C’est pourquoi, Excellence Monsieur le Président, Honorables Députés, je tiens à rendre un hommage particulier au Président Faure pour la patience et l’acharnement qu’il met à rapprocher des acteurs politiques d’horizons divers pour les mettre ensemble et les amener à s’entendre pour sortir le pays de la crise sociopolitique.

Il est réconfortant que les acteurs politiques se montrent sensibles à ces efforts et consentent les uns et les autres des sacrifices pour faire avancer graduellement le processus consensuel amorcé. Dans le contexte politique de crise qui est le nôtre, la méthode initiée et partagée par tous est incontournable. Nos décisions seront d’autant plus soutenues par nos populations qu’elles émaneront d’un large consensus de la classe politique.

J’aimerais, à ce propos réitérer ici que, si le Dialogue national a été un succès, ce n’est pas tant, parce que le contenu de l’accord politique global était parfait. C’est pour la simple raison que toutes les parties prenantes au Dialogue l’ont signé sans tenir à avoir satisfaction sur tous les points de leurs revendications. Si l’accord politique global a été signé par tous, c’est surtout grâce à la détermination du Président Faure. Qu’il en soit remercié. Je voudrais tout autant adresser mes remerciements au Président Compaoré.

Notre accord doit beaucoup à sa compétence inestimable et à sa permanente disponibilité.

Excellence Monsieur le Président,
Honorables Députés,

C’est le même esprit de consensus qui a guidé la formation du Gouvernement d’Union Nationale.

Le Chef de l’Etat et nous-mêmes avions œuvré à ce qu’il en soit ainsi.

L’essentiel a été fait. Mais nous continuons à être ouverts à toutes les initiatives pouvant nous permettre de parvenir à un Gouvernement encore plus inclusif.

Et puisque la méthode consensuelle a fait ses preuves, je ne pense pas, Mesdames, Messieurs les Députés, que vous trouviez d’inconvénient à ce que nous gardions le cap en allant de l’avant.

C’est au demeurant en s’inscrivant dans cette logique que les parties prenantes au Dialogue national ont pris la décision de s’entendre en une feuille de route sur les actions à mener par le Gouvernement d’Union Nationale.
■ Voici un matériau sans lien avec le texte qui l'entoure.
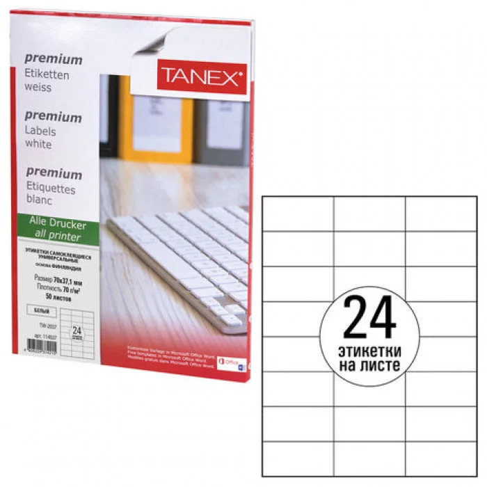 Этикетка самоклеящаяся 70х37,1 мм, 24 этикетки, белая, 70 г/м2, 50 листов, TANEX, сырье Финляндия, 114537, TW-2037

J’aimerais avec votre permission en faire le rappel. La feuille de route, annexée à l’accord politique global stipule ce qui suit :

« Outre ses attributions constitutionnelles classiques, le Gouvernement aura pour tâches prioritaires :

1. de mettre en œuvre les décisions prises par le dialogue ;
2. de prendre des mesures en vue d’accélérer le rapatriement et la réinsertion des réfugiés et des personnes déplacées ;
3. de créer les conditions d’une implication plus forte de la Diaspora togolaise à l’œuvre de construction nationale ;
4. de renforcer les mesures visant à assurer la sécurité des personnes et des biens sur toute l’étendue du territoire national et de veiller au strict respect des normes républicaines relatives à l’intervention des Forces de Sécurité dans le maintien de l’ordre et de la sécurité publique ;
5. de mettre en place un programme de délivrance de cartes nationales d’identité ;
6. de mettre en place des mesures incitatives à la participation des femmes à la vie politique ;
7. de prendre les textes réglementaires et administratifs garantissant des élections justes, libres et transparentes ;
8. de prendre les mesures appropriées en relation avec les partenaires au développement en vue de relancer l’économie togolaise ;
9. de parachever la mise en œuvre des vingt deux (22) engagements souscrits par le Gouvernement togolais avec l’Union Européenne ;
10. d’élaborer un calendrier électoral précis indiquant la date d’installation de la
future CENI ;
11. de définir les modalités de financement des activités des partis politiques ;
12. de rédiger les articles du code électoral visé par le présent accord. »

Honorables Députés,
Mesdames, Messieurs,

Les tâches ainsi énumérées, vous l’avez constaté sont toutes suffisamment précises et ne méritent guère de commentaires.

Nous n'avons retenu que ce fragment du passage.